*Task statement*: A word-for-word copy of the entries is needed, and it should contain no images.

Records excerpted from a collection:
========

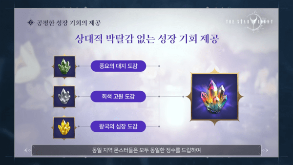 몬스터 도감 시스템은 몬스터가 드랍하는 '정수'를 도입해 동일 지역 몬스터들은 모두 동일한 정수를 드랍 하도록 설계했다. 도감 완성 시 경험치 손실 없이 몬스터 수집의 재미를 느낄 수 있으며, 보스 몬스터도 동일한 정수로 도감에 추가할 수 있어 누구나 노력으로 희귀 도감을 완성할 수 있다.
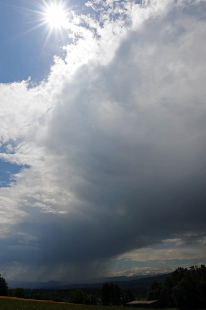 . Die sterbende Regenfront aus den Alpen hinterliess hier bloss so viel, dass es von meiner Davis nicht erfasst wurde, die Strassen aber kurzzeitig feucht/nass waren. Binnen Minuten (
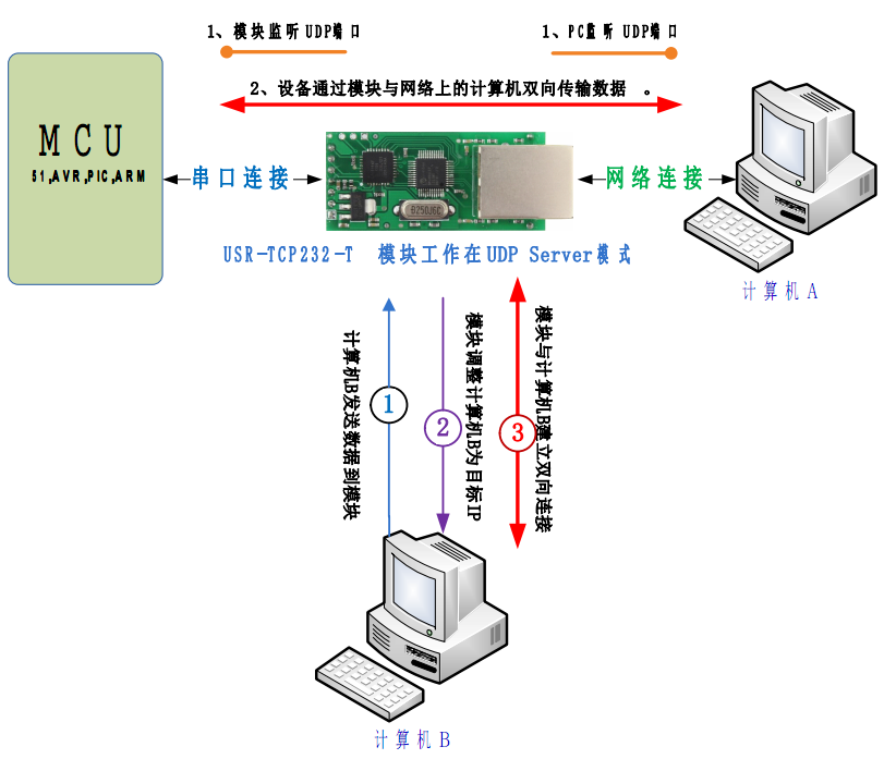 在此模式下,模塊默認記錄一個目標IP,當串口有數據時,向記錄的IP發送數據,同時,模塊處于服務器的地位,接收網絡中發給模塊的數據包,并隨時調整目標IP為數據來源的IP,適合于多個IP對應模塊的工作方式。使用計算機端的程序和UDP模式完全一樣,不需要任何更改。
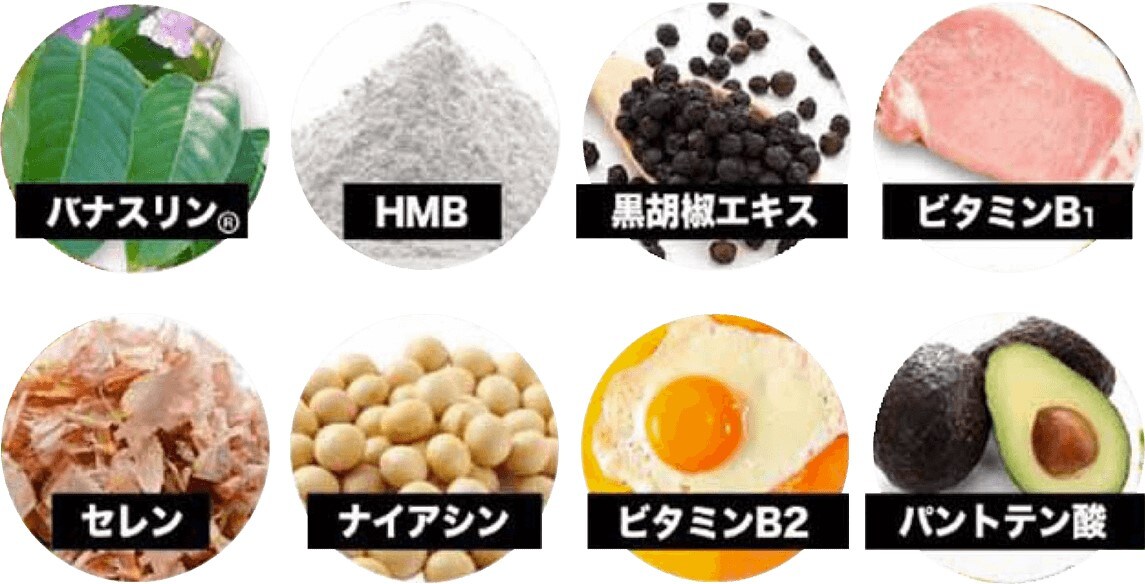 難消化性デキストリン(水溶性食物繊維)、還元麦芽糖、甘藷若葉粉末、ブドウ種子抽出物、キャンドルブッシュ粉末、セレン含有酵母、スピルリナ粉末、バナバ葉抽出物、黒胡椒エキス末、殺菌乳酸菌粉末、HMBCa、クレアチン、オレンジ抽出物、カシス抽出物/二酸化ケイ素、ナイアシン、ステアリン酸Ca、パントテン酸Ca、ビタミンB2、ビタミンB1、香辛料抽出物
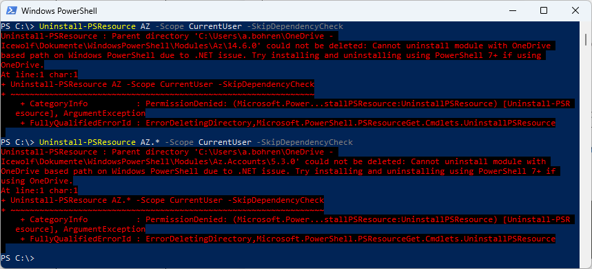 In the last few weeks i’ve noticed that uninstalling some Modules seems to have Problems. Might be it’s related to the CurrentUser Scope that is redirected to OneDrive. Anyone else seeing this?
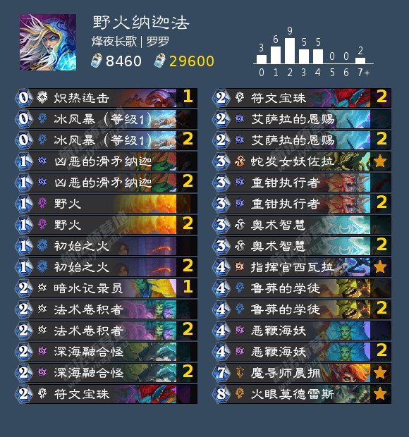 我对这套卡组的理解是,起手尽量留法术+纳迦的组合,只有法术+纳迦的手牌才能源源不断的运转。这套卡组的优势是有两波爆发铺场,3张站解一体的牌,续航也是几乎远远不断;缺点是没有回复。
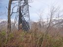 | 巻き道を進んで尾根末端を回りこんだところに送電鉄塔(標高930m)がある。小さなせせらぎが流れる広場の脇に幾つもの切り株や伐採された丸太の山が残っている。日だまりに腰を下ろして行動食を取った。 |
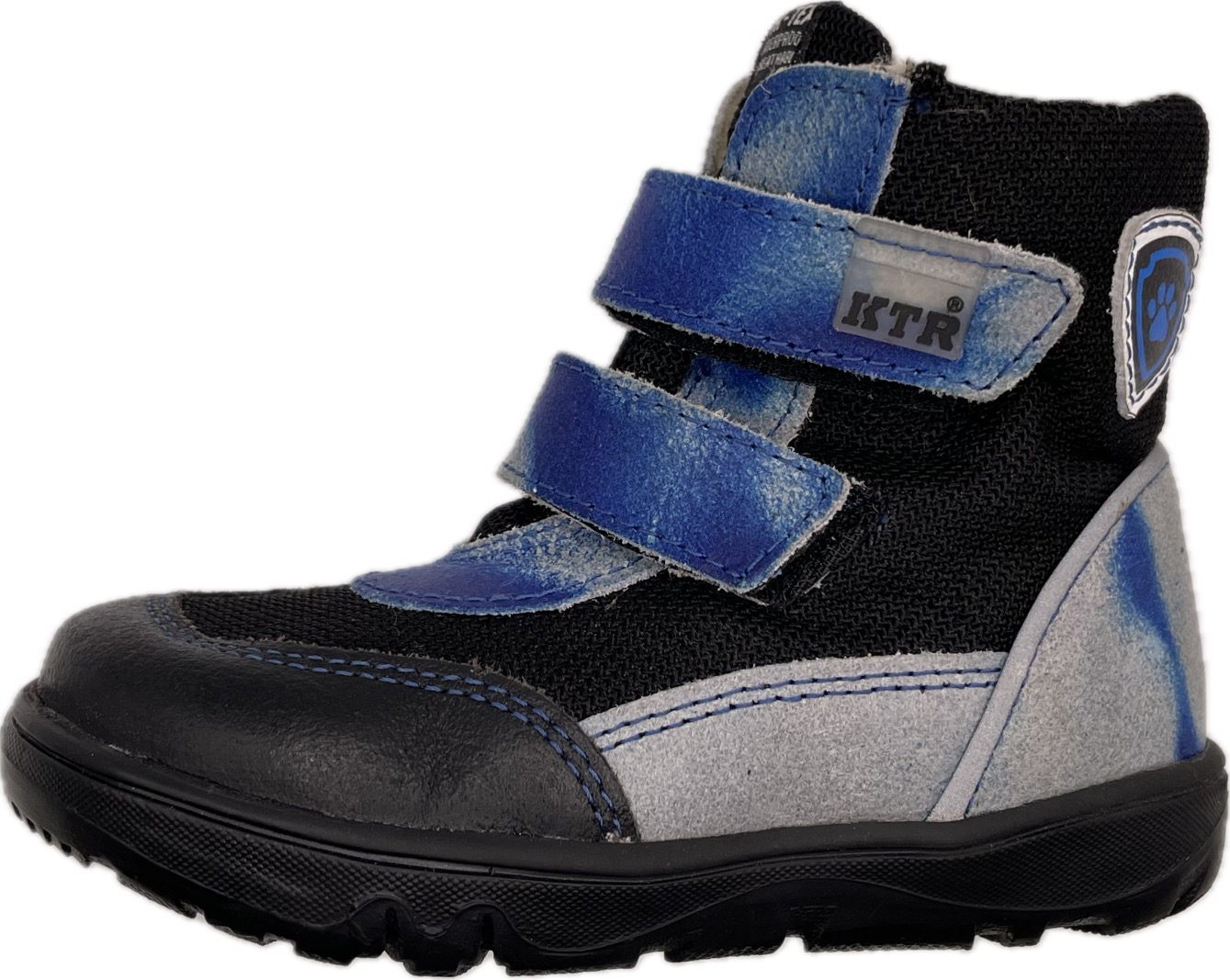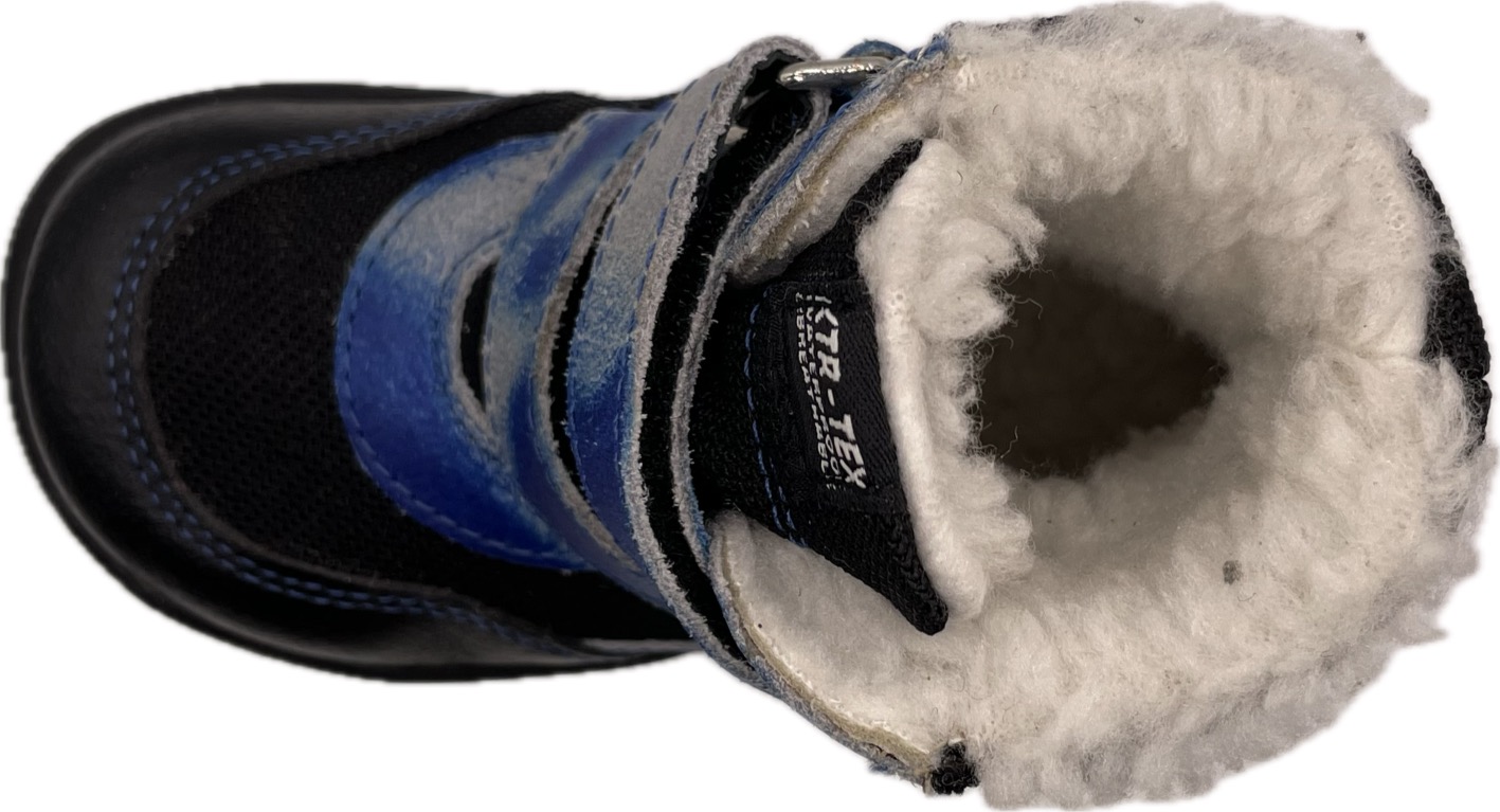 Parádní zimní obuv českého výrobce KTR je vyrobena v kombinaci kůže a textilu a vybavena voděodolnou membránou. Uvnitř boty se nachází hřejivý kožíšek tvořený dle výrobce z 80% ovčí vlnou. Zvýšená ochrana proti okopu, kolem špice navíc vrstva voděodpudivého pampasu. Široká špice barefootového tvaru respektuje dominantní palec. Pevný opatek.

========

*Answer to the exercise*:
 몬스터 도감 시스템은 몬스터가 드랍하는 '정수'를 도입해 동일 지역 몬스터들은 모두 동일한 정수를 드랍 하도록 설계했다. 도감 완성 시 경험치 손실 없이 몬스터 수집의 재미를 느낄 수 있으며, 보스 몬스터도 동일한 정수로 도감에 추가할 수 있어 누구나 노력으로 희귀 도감을 완성할 수 있다.
 . Die sterbende Regenfront aus den Alpen hinterliess hier bloss so viel, dass es von meiner Davis nicht erfasst wurde, die Strassen aber kurzzeitig feucht/nass waren. Binnen Minuten (
 在此模式下,模塊默認記錄一個目標IP,當串口有數據時,向記錄的IP發送數據,同時,模塊處于服務器的地位,接收網絡中發給模塊的數據包,并隨時調整目標IP為數據來源的IP,適合于多個IP對應模塊的工作方式。使用計算機端的程序和UDP模式完全一樣,不需要任何更改。
 難消化性デキストリン(水溶性食物繊維)、還元麦芽糖、甘藷若葉粉末、ブドウ種子抽出物、キャンドルブッシュ粉末、セレン含有酵母、スピルリナ粉末、バナバ葉抽出物、黒胡椒エキス末、殺菌乳酸菌粉末、HMBCa、クレアチン、オレンジ抽出物、カシス抽出物/二酸化ケイ素、ナイアシン、ステアリン酸Ca、パントテン酸Ca、ビタミンB2、ビタミンB1、香辛料抽出物
 In the last few weeks i’ve noticed that uninstalling some Modules seems to have Problems. Might be it’s related to the CurrentUser Scope that is redirected to OneDrive. Anyone else seeing this?
 我对这套卡组的理解是,起手尽量留法术+纳迦的组合,只有法术+纳迦的手牌才能源源不断的运转。这套卡组的优势是有两波爆发铺场,3张站解一体的牌,续航也是几乎远远不断;缺点是没有回复。
 | 巻き道を進んで尾根末端を回りこんだところに送電鉄塔(標高930m)がある。小さなせせらぎが流れる広場の脇に幾つもの切り株や伐採された丸太の山が残っている。日だまりに腰を下ろして行動食を取った。 |
 Parádní zimní obuv českého výrobce KTR je vyrobena v kombinaci kůže a textilu a vybavena voděodolnou membránou. Uvnitř boty se nachází hřejivý kožíšek tvořený dle výrobce z 80% ovčí vlnou. Zvýšená ochrana proti okopu, kolem špice navíc vrstva voděodpudivého pampasu. Široká špice barefootového tvaru respektuje dominantní palec. Pevný opatek.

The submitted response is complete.